Phil Kessel‘s arrival appears to have energized fans of the Arizona Coyotes.
Season ticket sales at Gila River Arena are up 600 percent compared to the same week last year, including a 550 percent increase in all ticket sales, the Arizona Republic reported Thursday. The Coyotes have also had a 94 percent renewal of season tickets, their highest mark since moving to Glendale, Arizona, in 2003-04.
Kessel, a forward who has scored at least 30 goals in a season six times in the NHL, was acquired in a trade with the Pittsburgh Penguins on June 29.
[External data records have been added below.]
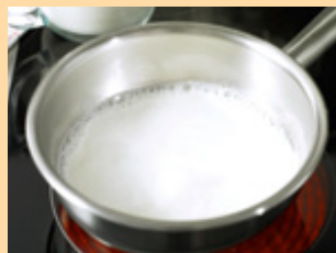
1. Зерновые хлопья размешать в молоке и довести до кипения.
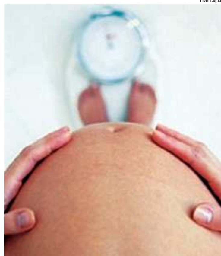
Estudos mostram que os bebês de mulheres que engravidaram obesas correm mais risco de sofrer malformações
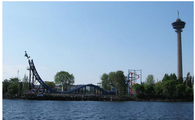
Näsinneula ja huvipuistoa vesiltä päin tultaessa.

Vierellä on Särkänniemi: huvipuisto, Koiramäki, Näsinneula-näkötorni, akvaario ja planetaario. Sisäänkäynti huvipuistoon on ilmainen, sinne voi mennä vain kiertelemään tai syömään. Huvituksista maksetaan kohde kerrallaan tai kaikki samalla rannekkeella. www.sarkanniemi.fi
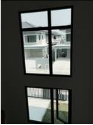
3. ทำความสะอาดบานกระทุ้ง
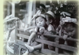
写真は、もらったお饅頭を握りしめ、このまま寝落ちする5分前の私

この会報がお手元に届く頃、私の育った横浜市伊勢佐木町周辺は、お祭り囃子に包まれます。伊勢佐木町商店街は、総鎮守お三の宮日枝神社さんの参道のようになっており、その周辺60町内会がお神輿、山車で練り歩きます。最終日は、伊勢佐木町商店街をお三宮様まで、お神輿50基以上が並び、人々の熱気とで、それは、それは、壮観です。祭囃子が聞こえてくると、うずうずし、新しい足袋やお祭りの支度をしてもらうのがうれしかったのを思い出します。今年は、色々な影響でお祭り開催が難しいと思いますが、令和5年の350周年記念には、開催できることを、そして全国のお祭りが再開できますよう祈っています。お近くに行かれた時は、美味しいお煎餅屋さんがありますので、お煎餅好きな方は、ぜひお試しください。
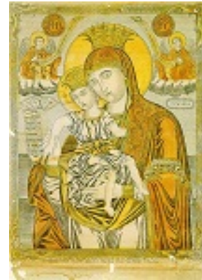
Παναγία το Άξιόν Εστίν - 1866 μ.Χ. - Συλλογή Μονής Σιμωνόπετρας, Άγιον Όρος

“It’s certainly satisfying and exciting to see us doing something as a franchise that we feel makes us a much more competitive team and puts us in a better position to win,” Coyotes president and CEO Ahron Cohen told the paper. “The fact that other people in this market are seeing that, fans are seeing that, and they’re jumping on board. It’s good, positive momentum for this organization.”
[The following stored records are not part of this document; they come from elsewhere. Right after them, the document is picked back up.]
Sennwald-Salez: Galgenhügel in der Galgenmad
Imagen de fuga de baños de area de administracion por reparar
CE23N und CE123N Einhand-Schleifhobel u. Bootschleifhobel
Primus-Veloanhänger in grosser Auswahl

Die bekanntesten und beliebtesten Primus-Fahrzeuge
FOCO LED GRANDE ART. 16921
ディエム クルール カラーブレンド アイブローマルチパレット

The Coyotes (39-35-8) finished four points behind the Colorado Avalanche for the second wild card into the Stanley Cup Playoffs from the Western Conference last season. They hope Kessel helps them reach the postseason for the first time since 2011-12, when they advanced to the Western Conference Final. In the trade, Arizona received Kessel, a fourth-round pick in the 2021 NHL Draft and minor league defenseman Dane Birks for forward Alex Galchenyuk and defenseman prospect Pierre-Olivier Joseph.
Kessel, who won the Stanley Cup with Pittsburgh in 2016 and 2017, could be the missing offensive piece for the Arizona, which scored 209 goals last season, tied with the Dallas Stars for the third-fewest in the NHL. He had 82 points (27 goals, 55 assists) in 82 games last season and has scored at least 20 goals in 11 straight. The last player to score at least 30 goals for the Coyotes was Radim Vrbata in 2011-12 (35).
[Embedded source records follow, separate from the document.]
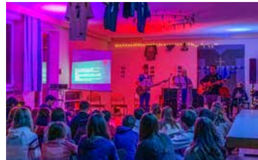
Lichterketten, Teelichter und bunte Spots ließen den Saal buchstäblich in ganz neuem Licht erstrahlen.
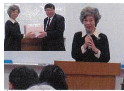
合格者への記念品授与と合格スピーチ
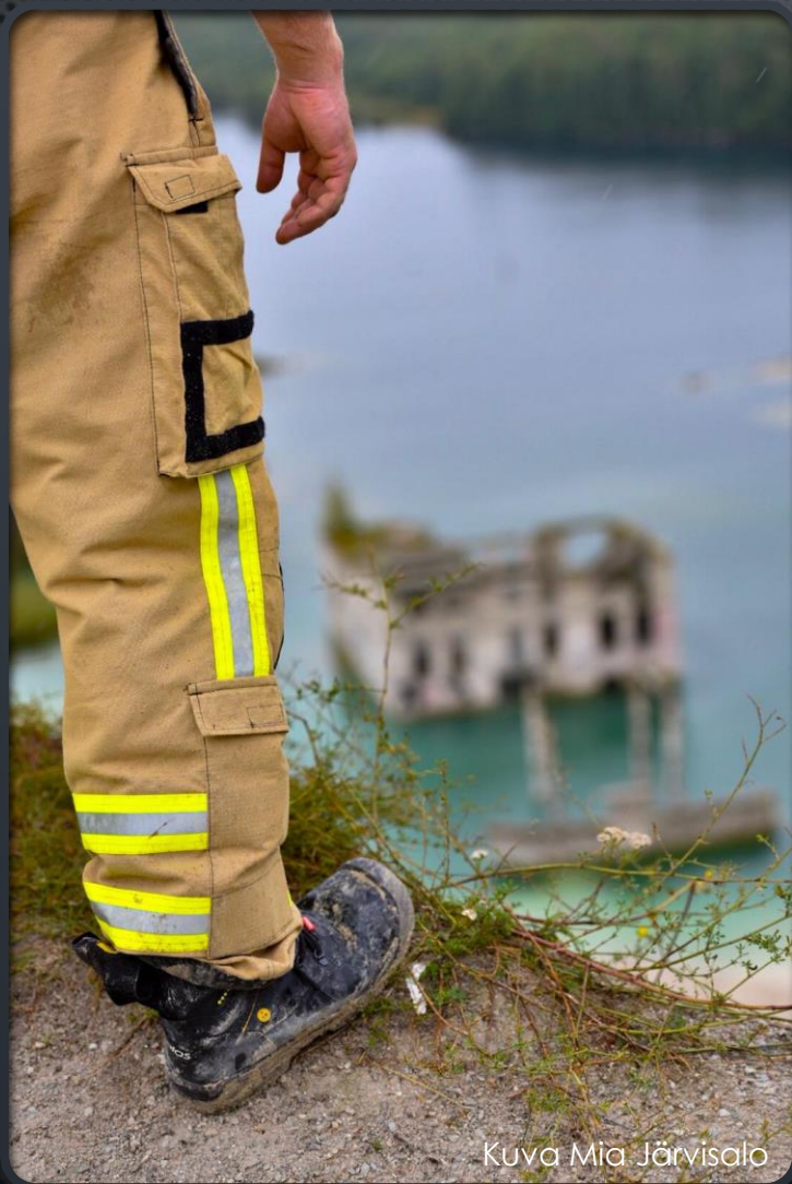
Kuva Mia Järvisalo
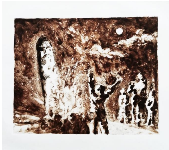
Рис. 6. «Ескіз до композиції «Жертвоприношення Перуну», 2023, монотипія олійною фарбою

Висновок. Отже, слов'янська міфологія має глибоке коріння в історії та культурі слов'янських народів, її вплив можна побачити в багатьох аспектах сучасної культури й національної ідентичності слов'ян, зокрема в художній творчості.

Cohen said the rise in ticket sales is proof that fans in Arizona, some of whom have to battle rush-hour traffic during the 10-mile trip from downtown Phoenix, like the direction the Coyotes are headed.
“Some of the challenges that we’ve experienced in terms of location have been well-documented,” Cohen said. “We could be playing in Yuma (Arizona) or in midtown Manhattan, but if we’re not doing things to put a successful and competitive team on the ice, then we’re going to have limitations on how successful we can be.”